Juarez stresses the danger of crossing Day Miar, even with the crosswalk. She remembers being scared in the morning to cross after almost getting hit twice on her way to school.

I almost got hit and both were in the morning. One time I was walking through, because I have the right of way, and this person wasn’t paying attention so they slammed on their brakes. And then the second time was when a person didn’t want to stop and so they passed me but I was right next to their car,” sated Juarez.

Some students ride their bicycles to get to school. Junior Kelsey Gilbert has been biking home from school almost every day since her freshman year.
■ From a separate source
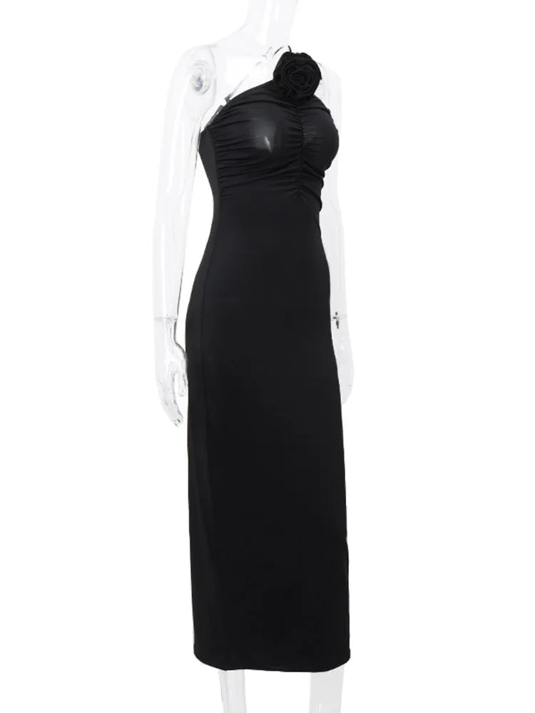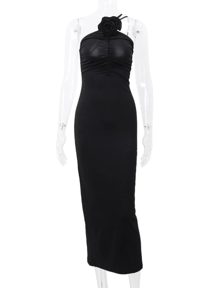 Flower Bodycon Maxi Dresses For Women Folds Slim Black Sundress Women's Sexy Backless Party Temperament Dresses Woman

Due to the dangers of the street, Gilbert prefers biking on the sidewalk. 

“I feel a lot safer on the sidewalks since it’s not too close to the street and the cars. Also, drivers don’t often take into consideration to stop and let people cross the street,” stated Gilbert.

Luckily each of these students were able to continue crossing and make their way to class with little effect towards the rest of their day. However, for junior Alimat-Shadiyat Akintola, this was not the case. Akintola recalls a time when she almost got hit herself. 

“Last year I almost got hit by a car to the point where the person had to come around and apologize for almost hitting me. And ever since then I have a trauma crossing the street by myself and I have to wait for other people to cross with me or I get anxious,” stated Akintola.

Because of her incident last school year, something Akintola’s AP U.S. History teacher, Ryan White, recently said really hit home with her. White, explained the way that people who experienced heavy traumas, such as 9/11, have a tendency to vividly remember their traumatic memories. Akintola resonated with what White said while thinking of almost getting hit herself. 

“Mr. White was talking about how moments of trauma that have a big impact on you can still be remembered like they were yesterday. Even though it was last year that I almost got hit I can still remember it vividly. I can remember the way I jumped, what I was wearing, I can remember the color of the car, what the guy was doing in his car, what he looked like, his daughter sitting beside him. It was a black sports car and I was about to get his license plate but he drove off too quickly. I even held my palms out and the lights were really bright since it was so dark in the morning,” stated Akintola. 

Akintola now questions what might have happened if the driver never stopped.  

“I was scared. I just kept thinking, what if I got hit by that car? Who knows, because I like to dance, I could have been paralyzed or it could have just ruined my life. It could have been such a bad hit because he was going so fast, anyone could tell that he was speeding as if he wasn’t in a school zone.”

These traumatic events stay with students. The truth is that many students believe that what happened last week not a surprise, and the new question arises, what more has to happen before that road is made truly safer?